Dataset entries
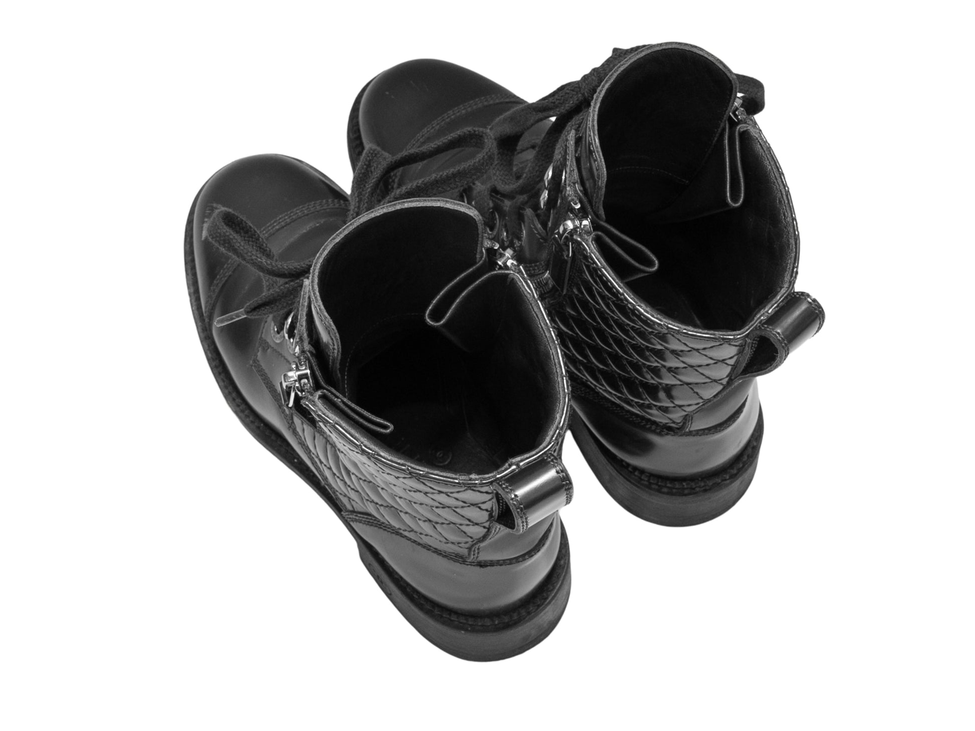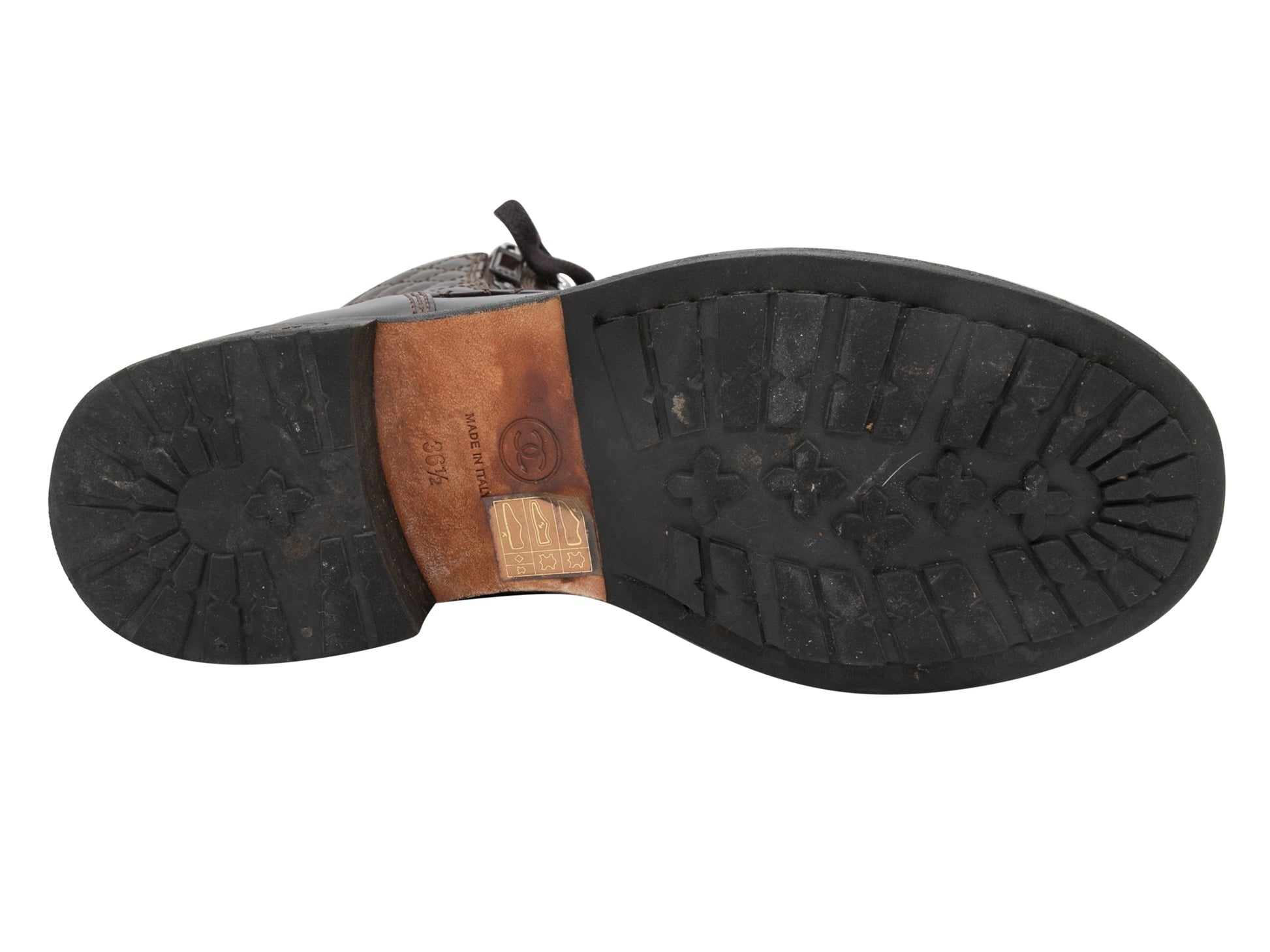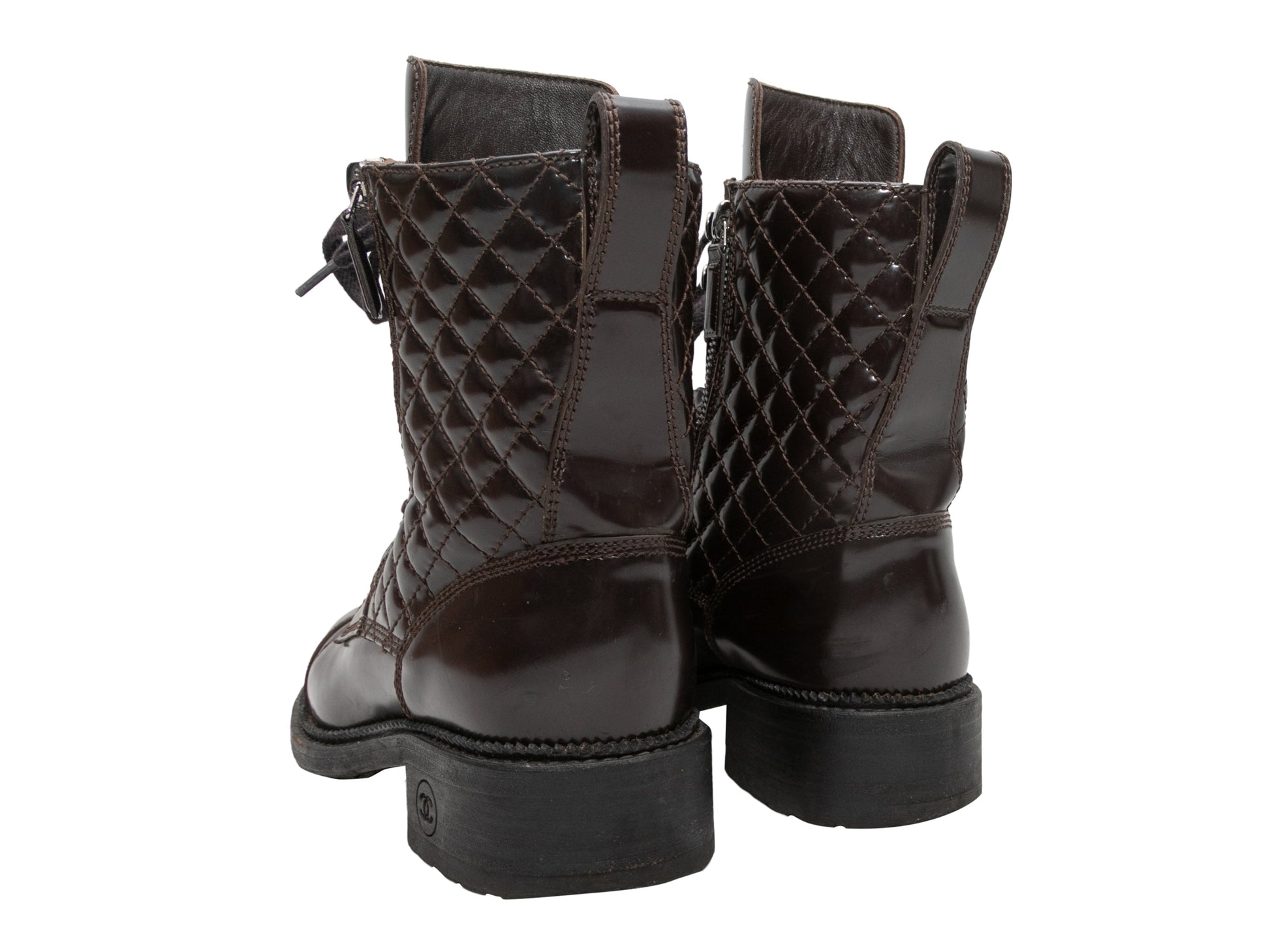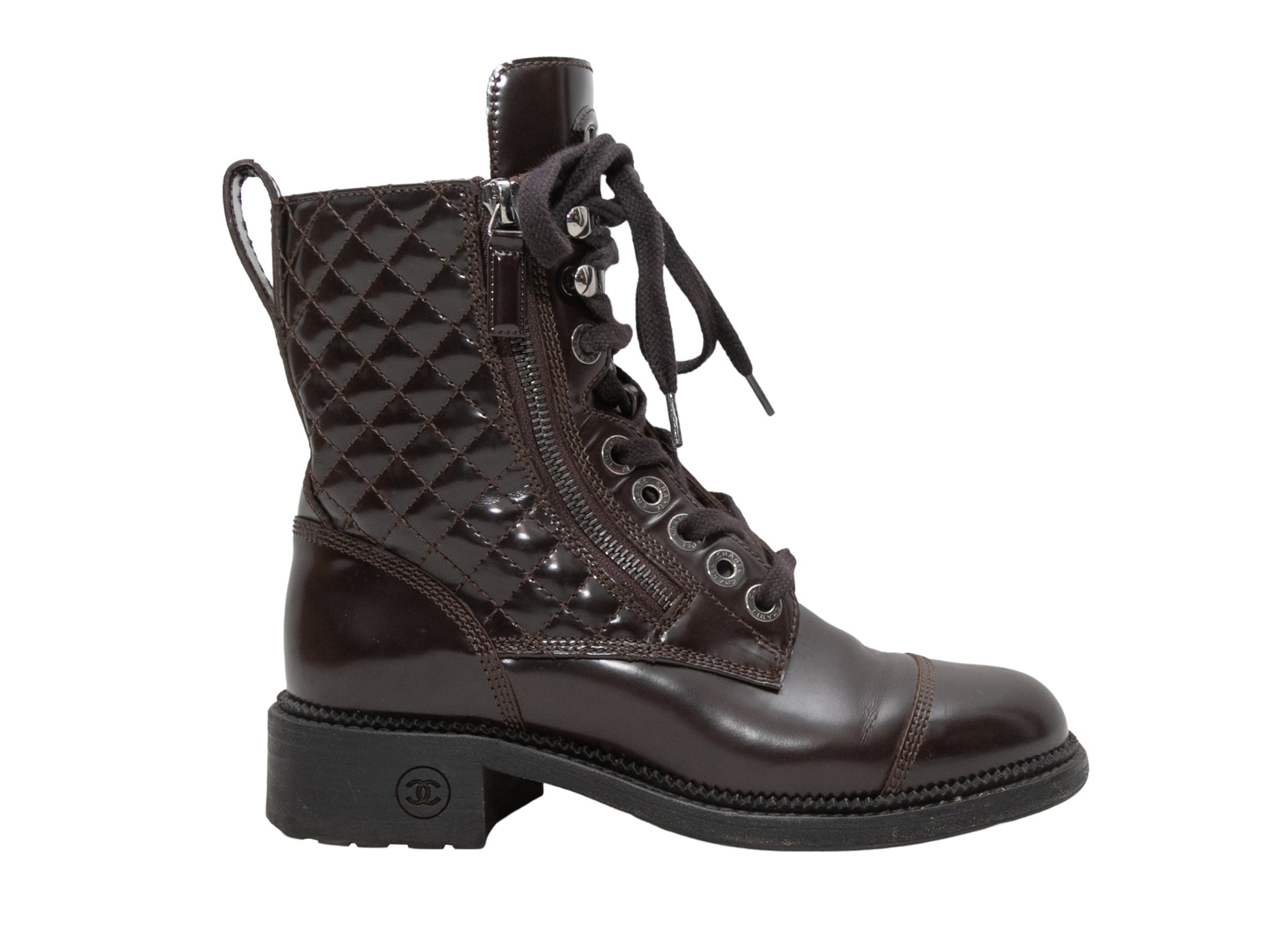 Product Details: Brown quilted patent leather combat boots by Chanel. Silver-tone hardware. Lace-up tie detailing at tops. Zip closures at sides. 6" shaft height, 0.5" platform height, 1.5" heel height.
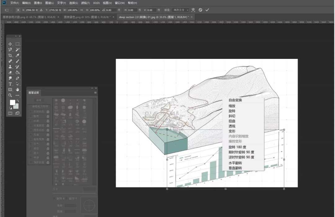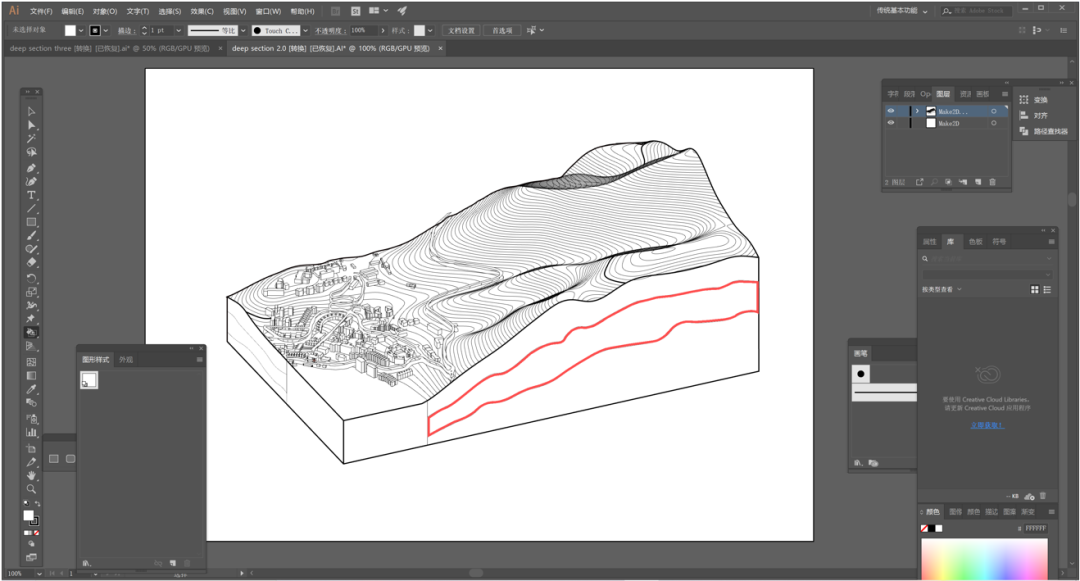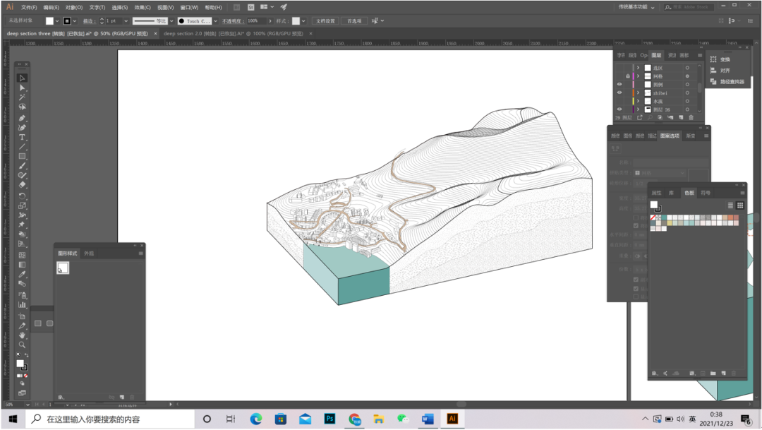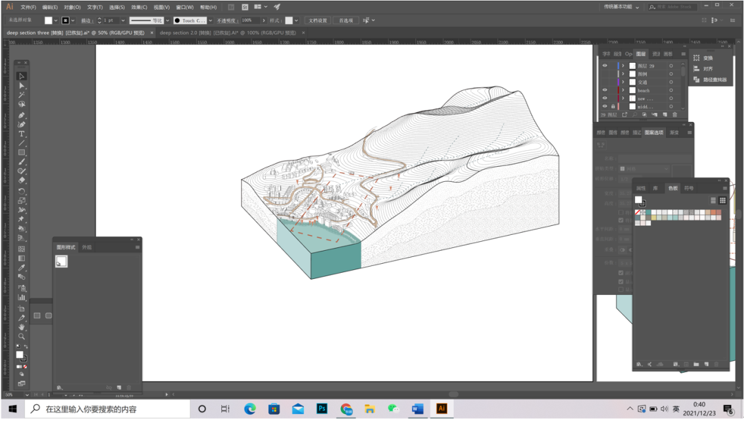 作品集的审核老师每天都会面对无数份作品集,所以必须要让审核老师在最短的时间被吸引眼球同时找到重点。这就要求图面既不可以过于平淡,也不可以由于盲目追求酷炫而忽视了信息的表达。以section形式表达的景观分析图不仅更加直观,也可以利用它的三维特性结合其他表格数据类的信息。
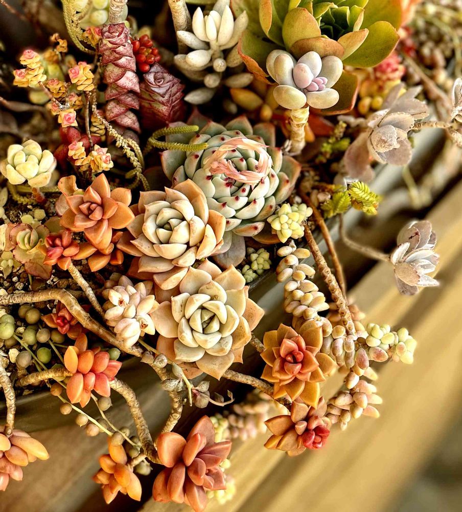 人間が勝手に好みに仕立てても、多肉は成長し日々変化するのだしサグラダファミリアの様に未完のままの寄せ植えという結論🤣
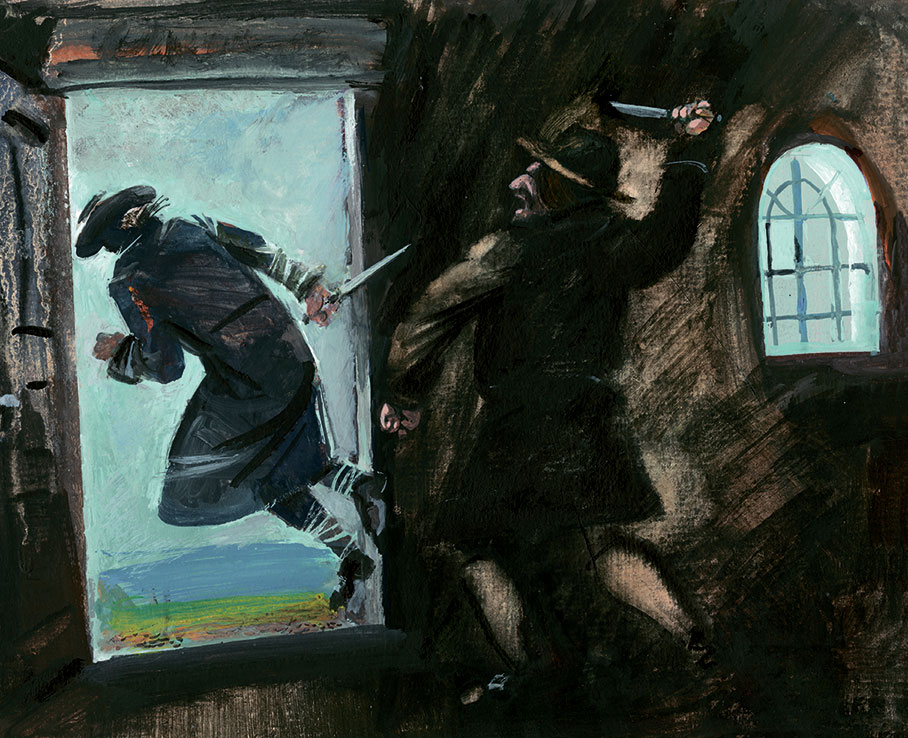 Мне было не по себе, когда он заставил меня спрятаться вместе с ним за открытой дверью. К тому же гость и сам изрядно трусил – я видел, как он ухватился за кортик и чуть выдвинул его из ножен.
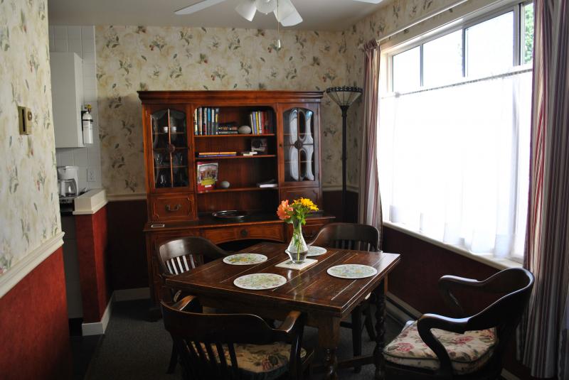 The “Cottage,” with its combination of antiques and contemporary furnishings gives a feeling of quiet luxury throughout. A fully equipped kitchen with fridge, stove/oven, and microwave is included. The added luxury of a dishwasher and an in-house washer-dryer combo make this the ultimate in “home away from home” comfort and convenience. The handsomely finished bathroom includes a large walk-in shower with unrestricted water flows.
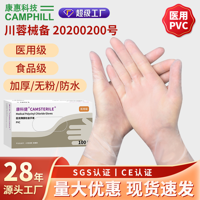 재고 일회용 PVC 장갑 투명 파우더 프리 9 인치 식품 등급 치과 화장품 보호 두꺼운 장갑

* YOUR TASK
Respond with the exact lines above running from the one containing "人間が勝手に好みに仕立てても" to the one containing "Мне было не", both ends kept and no pictures included.

* PROBLEM SOLUTION
 人間が勝手に好みに仕立てても、多肉は成長し日々変化するのだしサグラダファミリアの様に未完のままの寄せ植えという結論🤣
 Мне было не по себе, когда он заставил меня спрятаться вместе с ним за открытой дверью. К тому же гость и сам изрядно трусил – я видел, как он ухватился за кортик и чуть выдвинул его из ножен.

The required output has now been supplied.